On Mon, Nov 13, 2023 at 10:15:30AM +0100, Daniele B. wrote:
> In few words, when the matter is saving the data of one 1 disk the best
> solution is adopt a backup strategy for that purpose.

Yes, this is true.

I answered the OPs direct question about how to create the raid mirror, but
that was _not_ intended as an endorsement of using raid to solve any
particular problem.

In very simple terms, a raid-1 mirror is useful for protecting data which is
often changing, (E.G. busy mail spools), where backups would immediately
become out-dated, (although you should make regular backups of that data
anyway, in addition to having the mirror).

Raid-1 is also useful in some situations where you need high availability of
data even though that data is unchanging and easily restored from a backup.

An example of high availability of a large and mostly unchanging database
might be a music repository for a radio station that is using digital playout,
where they cannot risk going silent just because one hard disk broke, but the
actual data would be easily restored from backups if a complete system failure
did occur.

Also note that using multiple disks instead of a single disk can and often
does _increase_ the risk of any particular failure.

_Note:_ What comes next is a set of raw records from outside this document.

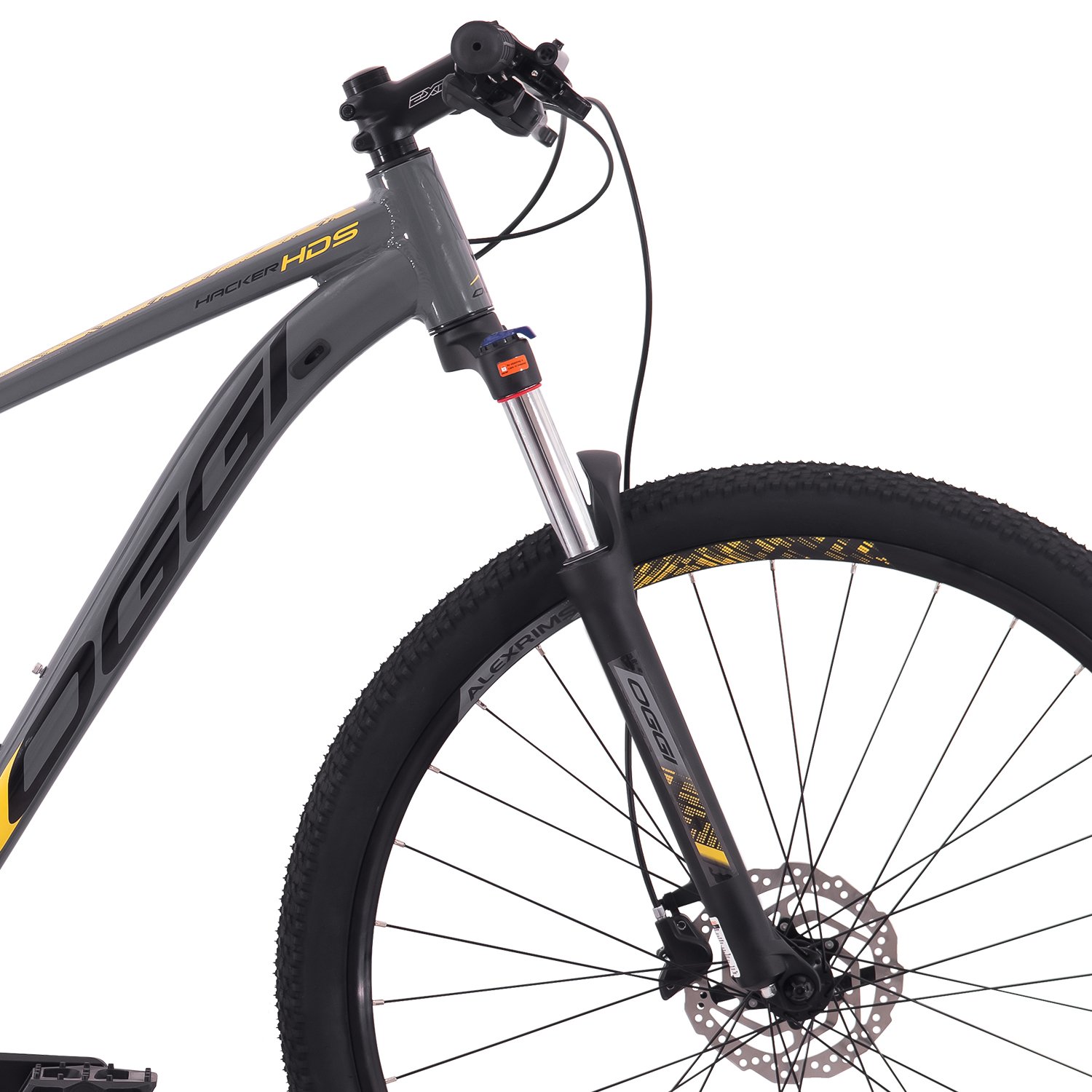 Nova Oggi Hacker HDS 2025 com grupo Shimano Essa 8V, quadro de alumínio com cabeamento interno, suspensão de 100mm e freios a disco hidráulicos. Performance, conforto e segurança para quem busca iniciar no MTB com qualidade.
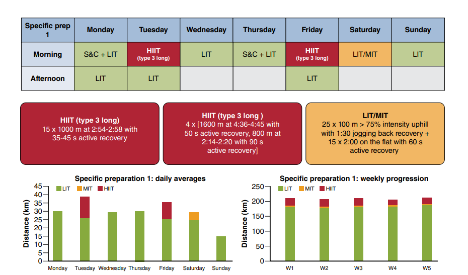 HIIT(High-Intensity Interval Training)是指一种高强度间歇训练方式,它特别适合于不同水平的跑者,包括精英选手、业余选手、业余精英选手甚至是普通人群。尽管如此,每个人的HIIT训练量、训练类型以及强度都有所不同,并且并不一定非要达到极限强度才能提升最大摄氧量。在实施HIIT训练时,不应仅看具体的训练距离、组数和休息时间,更重要的是关注其中的训练负荷分配情况。例如,一次800米亚瑟式间歇训练和一次1600米间歇训练虽然在距离上有较大差异,但如果将亚瑟式的高强度应用到1600米上,可能会导致大多数人在训练后无法继续。正确的做法是结合个体实际能力和复合安排,找到合适的训练强度和持续时间,同时考虑到天气条件等因素的影响,合理调整训练计划。
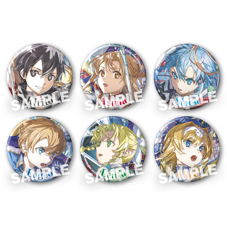 abec氏描き下ろしのキービジュアルから、キリト、アスナ、シノン、リーファ、ユージオ、アリスの6キャラをあしらった缶バッジ6種セット
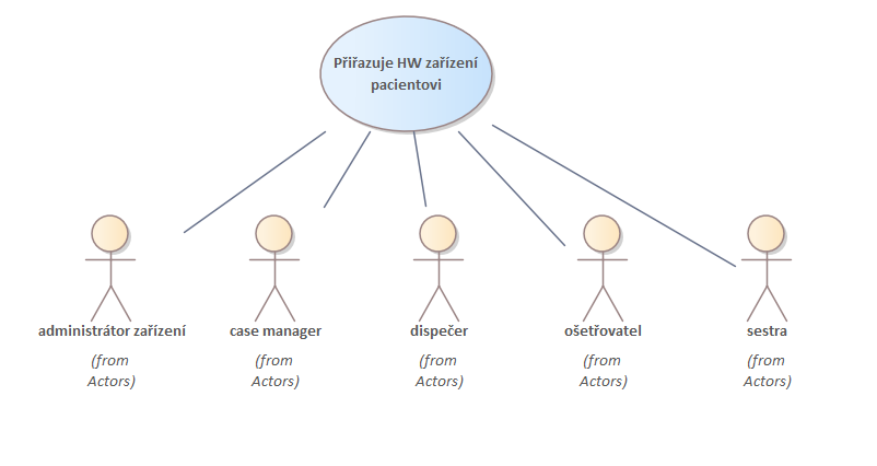 Přiřazuje HW zařízení pacientovi : Use Case diagram
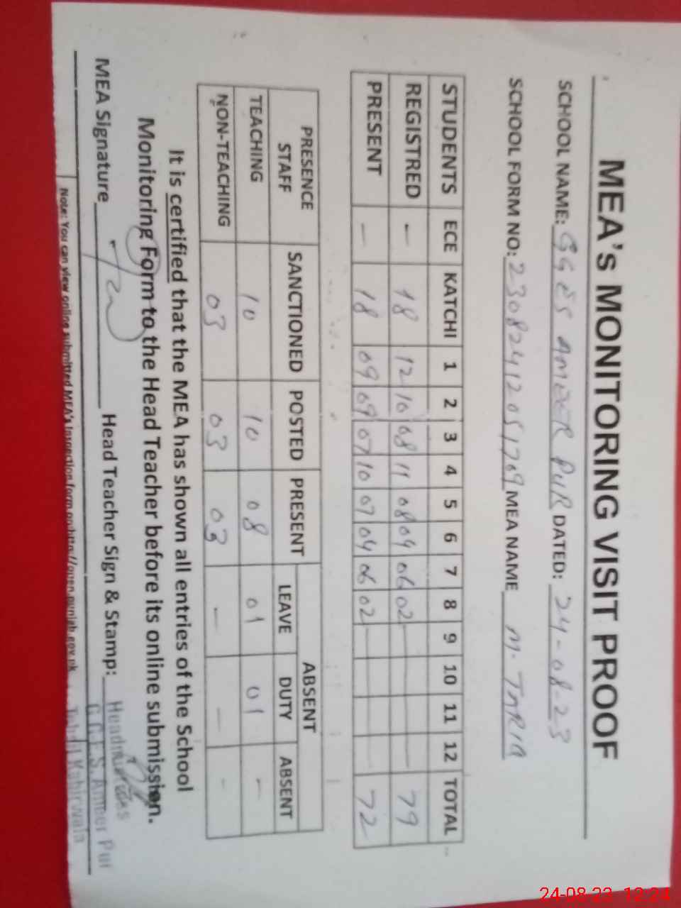 | Attendance Register | Head Teacher | MEA with School | Visit Proof |
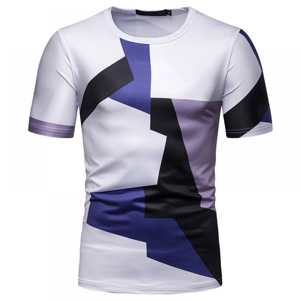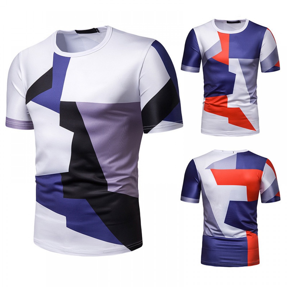 New Summer Men's Color Matching Print Short-Sleeved T-Shirt

Any one of the disks could develop a fault which takes the host controller
out or even makes the PSU explode.  Any one of the disks could have firmware
issues that cause silent data corruption, and the more disks you have the
more likely it is that one of them will suffer such a problem.

> If you are on
> sticks copy machine by three slots are also a solution.

Running an OpenBSD system entirely from USB sticks, and using a copy machine
to make backups is not a good suggestion for general usage.

Just do a normal installation on a normal hard disk and make normal backups.

And don't just use $HOME as an endless rubbish dump for old data.  $HOME is
for work in progress.  Finished stuff should be archived elsewhere and taken
out of the regular backup loop.

P.S. Daniele, please fix your mailer's reply-to: header.